To begin searching your data, you first have to create a corpus. A corpus is a container where you upload all your data to be ingested and grouped together in a single location for querying.

  1. To get started, navigate to the Console Overview.

  2. On the left sidebar, click Corpora. This will open an overview of the corpora you have created. It will be empty if this is your first time accessing the console.

  3. Click Create corpus and a dialog box appears.

    Create Corpus

  4. Select the kind of app that you want to build or select Decide later.

  5. Enter the Name of the corpus.

  6. Enter the Key of the corpus which will be used to uniquely identify the corpus

  7. (Optional) Enter a Description about the corpus.
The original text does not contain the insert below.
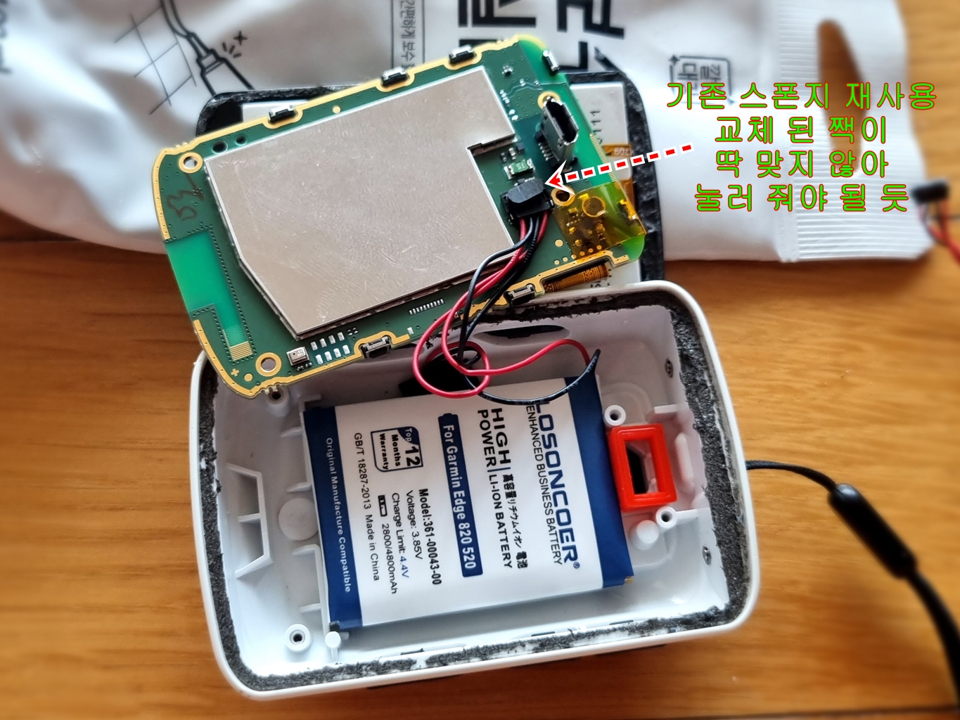배터터를 기판과 연결하는 짹 부분이 기존거와 달리 잘 결합되지 않음...

  8. Select an Embedding model, such as Boomerang.

  9. Click the Filter attributes drop-down, click Add filter attribute, and configure attributes at the document or part levels.

    Add Filter Attributes

  10. Select the appropriate Data Type and indicate whether you want this attribute indexed.

  11. Click Add to return to the previous page. You can continue adding more attributes.

  12. (Optional) Click Show API Request and the request inspector appears. You can now optionally create this corpus by copying and pasting the application code in NodeJS, JavaScript, Linux, or Windows. Create Corpus Request Inspector

  13. Click Create.

The corpus is created and a confirmation message appears. It is now ready to receive your data.

View the Corpus Key

Vectara API requests against a corpus require the Corpus Key. To view Corpus Key and other information about the corpus, select the corpus name from the top-menu:

View Corpus Key

If you select open a corpus, the following options appear:

Query the corpus

The corpus name drop-down has a Query tab that lets you ask questions about your data. It provides Chat, Summary, and Semantic search interface types, each with their own configuration.

Configure the corpus

The Configuration tab lets you set options for the Chat, Summary, and Semantic search user interface types. You then have several options for retrieval, generation, and evaluation.

Filters

The Filters tab lets you view the filter attributes for the corpus and some syntax examples.

UX preview

This tab provides a preview of your query results.

Data

The Data tab shows a list of documents in your corpus and lists them by ID. It also lets you Load data into corpus. It is the quickest way to ingest your data to start asking some questions.

Settings

The Settings tab displays information about the corpus, the current embedding model, indexing semantics, and filter attributes and custom dimensions (Pro and Enterprise only). This page also has a Dangerous actions section that lets you disable the corpus, clear corpus data, or delete the corpus.

Access Control

The Access control tab defines the users and roles that have access to the corpus. You can also create new user roles, a default role, and API keys associated with this corpus.

Query histories

When experimenting with configurations and running queries, you can log your queries into a query history. This enables you to troubleshoot issues, inspect past queries, and optimize query configurations.

Analytics

The Analytics tab provides usage statistics about the corpus and you can download this data in .SVG, .PNG, or .CSV format.